New to alignment? See the Research Overview section
Field veteran? See More on My Approach at the end.

I work on technical alignment, but doing that has forced me to branch into alignment targets, alignment difficulty, and societal and field sociological issues, because choosing the best technical research approach depends on all of those.

Principal articles:

On technical alignment of LLM-based AGI agents:
- LLM AGI may reason about its goals and discover misalignments by default
  - An LLM-centric lens on why aligning Real AGI is hard
- System 2 Alignment Likely approaches for LLM AGI on the current trajectory
- Seven sources of goals in LLM agents brief problem statement
- Internal independent review for language model agent alignment
  - Updated in System 2 alignment
On LLM-based agents as a route to takeover-capable AGI
- LLM AGI will have memory, and memory changes alignment
- Brief argument for short timelines being quite possible
- Capabilities and alignment of LLM cognitive architectures
  - Cognitive psychology perspective on routes to LLM-based AGI with no breakthroughs needed
AGI risk interactions with societal power structures and incentives:
- Whether governments will control AGI is important and neglected
- If we solve alignment, do we die anyway?
  - Risks of proliferating human-controlled AGI
- Fear of centralized power vs. fear of misaligned AGI: Vitalik Buterin on 80,000 Hours
On the psychology of alignment as a field:
- Cruxes of disagreement on alignment difficulty
- Motivated reasoning/confirmation bias as the most important cognitive bias
On AGI alignment targets assuming technical alignment
On communicating AGI risks:

Research Overview:

Alignment is the study of how to design and train AI to have goals or values aligned with ours, so we're not in competition with our own creations.

Recent breakthroughs in AI like ChatGPT make it possible we'll have smarter-than-human AIs soon. If we don't understand how to make sure it has only goals we like, it will probably outcompete us, and we'll be either sorry or gone. See this excellent intro video.

There are good and deep reasons to think that aligning AI will be very hard. Section 1 of LLM AGI may reason about its goals is my attempt to describe those briefly and intuitively. But we also have promising solutions that might address those difficulties. They could also be relatively easy to use for the types of AGI we're most likely to develop first.

That doesn't mean I think building AGI is safe. Humans often screw up complex projects, particularly on the first try, and we won't get many tries. If it were up to me I'd Shut It All Down, but I don't see how we could get all of humanity to stop building AGI. So I focus on finding alignment solutions for the types of AGI people are building.

In brief, I think we can probably build and align language model agents (or language model cognitive architectures) up to the point that they're about as autonomous and competent as a human, but then it gets really dicey. We'd use a stacking suite of alignment methods that can mostly or entirely avoid using RL for alignment, and achieve corrigibility (human-in-the-loop error correction) by having a central goal of following instructions. This scenario leaves multiple humans in charge of ASIs, creating some dangerous dynamics, but those problems might be navigated, too.

Bio

I did computational cognitive neuroscience research from getting my PhD in 2006 until the end of 2022. I've worked on computational theories of vision, executive function, episodic memory, and decision-making, using neural network models of brain function to integrate data across levels of analysis from psychological down to molecular mechanisms of learning in neurons, and everything in between. I've focused on the interactions between different brain neural networks that are needed to explain complex thought. Here's a list of my publications.

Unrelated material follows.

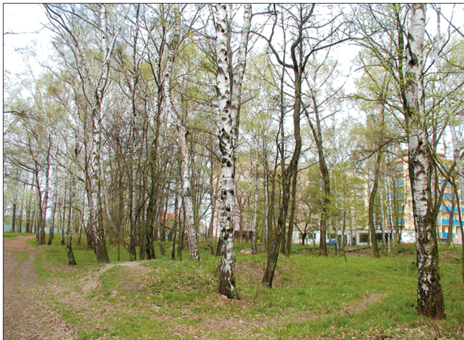
▲ Rafinérský lesík by se mohl stát odpočinkovou zónou v centru města.

I was increasingly concerned with AGI applications of the research, and reluctant to publish my full theories lest they be used to accelerate AI progress. I'm incredibly excited to now be working full-time on alignment, currently as a research fellow at the Astera Institute.

More on My Approach

The field of AGI alignment is "pre-paradigmatic." So I spend a lot of my time thinking about what problems need to be solved, and how we should go about solving them. Solving the wrong problems seems like a waste of time we can't afford.

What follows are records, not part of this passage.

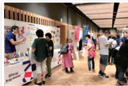
東京2020大会に向けた1年前イベント in川越

東京2020大会に関するさまざまなイベントを開催しています。 家族や友人と参加して、大会を盛り上げましょう！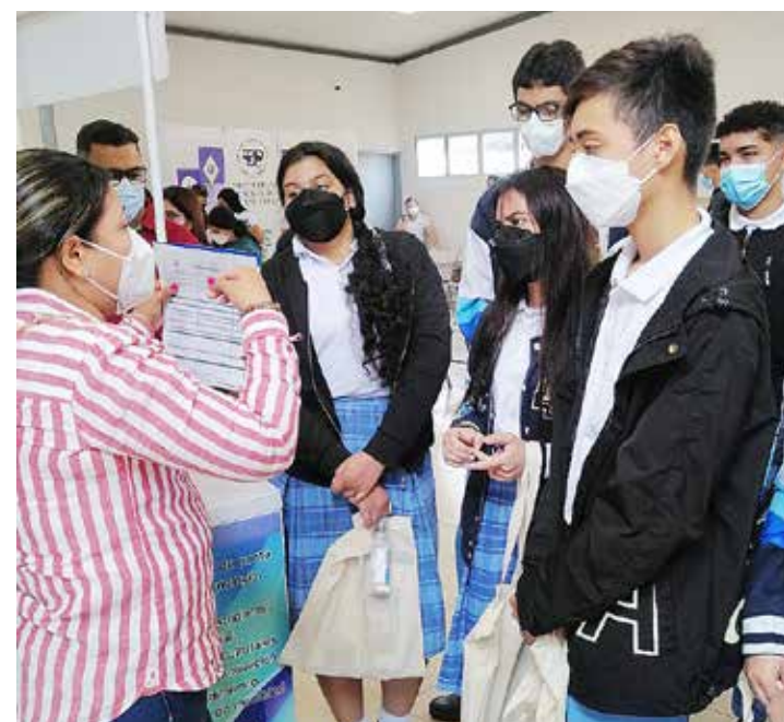
Profesores y administrativos informan de las carreras del Crua.

Expresó que para los coordinadores, docentes y administrativos es importante interactuar, conocer las inquietudes de los futuros estudiantes universitarios y en particular saber cuál es la carrera que les despierta interés.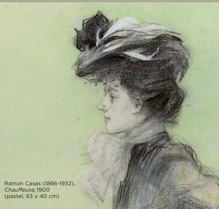
Ramon Casas (1866-1932), Chauffeuse , 1900 (pastel, 63 x 40 cm)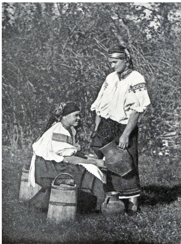
Поясная женская одежда, XIX в.

передником. В праздники исподница из шерстяной же узорчатой ткани, называемой мухояром, заменяет поневу. Выходя на работу, или куда бы ни было из дому, надевают коротенькую, суконную кофту, называемую свиткою или юбкою, под которую зимою бывает такая же шубка.

When LLMs suddenly started looking intelligent and useful, I noted that applying cognitive neuroscience ideas to them might well enable them to reach AGI and soon ASI levels. Current LLMs are like humans with no episodic memory for their experiences, and very little executive function for planning and goal-directed self-control. Adding those cognitive systems to LLMs can make them into cognitive architectures with all of humans' cognitive capacities - a "real" artificial general intelligence that will soon be able to outsmart humans.

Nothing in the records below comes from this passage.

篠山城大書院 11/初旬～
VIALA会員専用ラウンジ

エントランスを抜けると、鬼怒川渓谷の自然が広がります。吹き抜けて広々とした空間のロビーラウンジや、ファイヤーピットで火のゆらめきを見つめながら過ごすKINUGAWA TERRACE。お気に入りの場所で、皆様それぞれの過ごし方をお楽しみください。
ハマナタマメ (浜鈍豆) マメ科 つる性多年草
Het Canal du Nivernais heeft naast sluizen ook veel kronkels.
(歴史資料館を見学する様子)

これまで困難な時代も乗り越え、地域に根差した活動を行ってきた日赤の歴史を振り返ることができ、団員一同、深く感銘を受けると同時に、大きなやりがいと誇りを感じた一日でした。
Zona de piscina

My work since then has convinced me that we might be able to align such an AGI so that it stays aligned as it grows smarter than we are. LLM AGI may reason about its goals and discover misalignments by default is my latest thinking; it's a definite maybe!

My plan: predict and debug System 2, instruction-following alignment approaches for our first AGIs

I'm trying to fill a particular gap in alignment work. My approach is to focus on thinking through plans for alignment on short timelines and realistic societal assumptions (competition, polarization, and conflicting incentives creating motivated reasoning that distorts beliefs). Many serious thinkers give up on this territory, assuming that either aligning LLM-based AGI turns out to be very easy, or we fail and perish because we don't have much time for new research.

I think it's fairly likely that alignment isn't impossibly hard but also not easy enough that developers get it right on their own despite all of their biases and incentives. so a little work in advance, from outside researchers like me could tip the scales. I think this is a neglected approach (although to be fair, most approaches are neglected at this point, since alignment is so under-funded compared to capabilities research).

One key to my approach is the focus on intent alignment instead of the more common focus on value alignment. Instead of trying to give it a definition of ethics it can't misunderstand or re-interpret (value alignment mis-specification), we'll probably continue with the alignment target developers currently focus on: Instruction-following.

It's counter-intuitive to imagine an intelligent entity that wants nothing more than to follow instructions, but there's no logical reason this can't be done. An instruction-following proto-AGI can be instructed to act as a helpful collaborator in keeping it aligned as it grows smarter.

There are significant Problems with instruction-following as an alignment target. It does not solve the problem with corrigibility once an AGI has left our control, merely gives another route to solving alignment (ordering it to collaborate) while it's still in our control, if we've gotten close enough to the initial target. It allows selfish humans to seize control. Nonetheless, it seems easier and more likely than value aligned AGI, so I continue to work on technical alignment under the assumption that's the target we'll pursue.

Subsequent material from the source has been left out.